In 1969, 14 men ventured to the British Antarctic Survey Base on Adelaide Island. It is situated on the south-west coast of the Antarctic Peninsula, around 1000 miles south of the Falkland Islands. The base is isolated from late March to mid-December every year which coincides with the departure and arrival of two survey aircraft.

... The 14 men arrived by sea and air at various times between December 1968 and March 1969, relieving a previous group of men. The Base members were all between the ages of 21 and 35 and in good health.

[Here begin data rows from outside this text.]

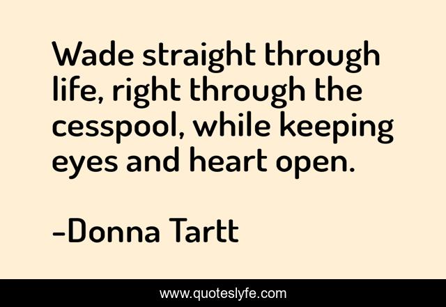 This page presents the quote "Wade straight through life, right through the cesspool, while keeping eyes and heart open.". Author of this quote is Donna Tartt. This quote is about enthusiasm, life, deep, inspirational,.
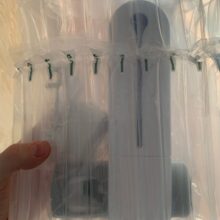 Our UV toothbrush station is built with one lithium-ion battery (included with purchase). A charger adapter comes with your order to help charge the device. The UV light fully charges in three hours, and provides 100 days’ worth of sanitization time.
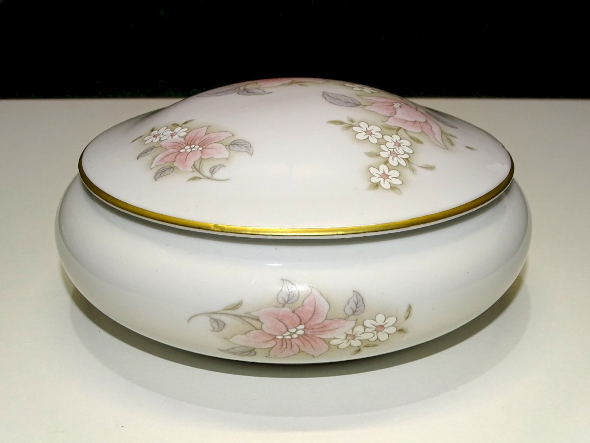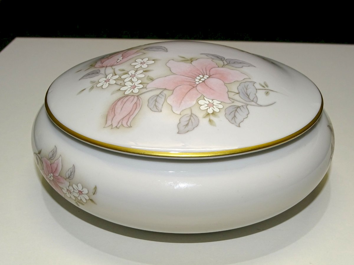 jolie boite bonbonnière boite à bijoux porcelaine de Limoges par Ternet - avec un joli décor fleuri sur le couvercle - rehaussé main - jus de grenier, en bon état d'usage (voir photos) - Réf. 1V240718/478 - Diamètre max 16 cm - Diamètre bord 12,2 cm - Hauteur 7,2 cm - Poids 570 g - Pour me contacter mon adresse mail : EXPEDITION POSSIBLE EN MONDIAL RELAY ou COLISSIMO sur demande TRES BON EMBALLAGE GARANTI MERCI de BIEN REGARDER TOUTES les PHOTOS car ELLES FONT PARTIE INTEGRANTE de la DESCRIPTION et PERMETTENT de VOIR l'OBJET AU MIEUX avec SES PETITS DEFAUTS EVENTUELS -

The last aircraft left on 18 March and flew north for the winter, after which the Base was completely isolated from the outside world, except for radio. In effect, these 14 men were in lockdown with their only company being each other and five husky dogs.

... The medical history of each Base member was noted throughout the period of isolation and when symptoms and signs appeared they were recorded on daily observation charts. Serum and nasal samples were taken monthly from the men.

This was the closest you will ever get to a controlled clinical trial to establish whether lockdowns work to prevent the transmission of viruses. These men were alone, for months on end, in the middle of nowhere.

Before this expedition it was commonly believed that on small Antarctic bases such as this, isolated for many months, upper respiratory infections died out in the first few weeks of isolation. Previously, the arrival of relief ships or aircraft resulted in outbreaks of respiratory diseases.

However, this time something strange happened.

As I say, 14 young and healthy men arrived at the Base with no illnesses. The last aircraft left on 18 March leaving them in total isolation. For the next 17 weeks, all the men remained in good health with no colds observed or detected clinically. Two men left the Base with their dog teams at the end of June for 6 months, during which time they suffered no respiratory symptoms.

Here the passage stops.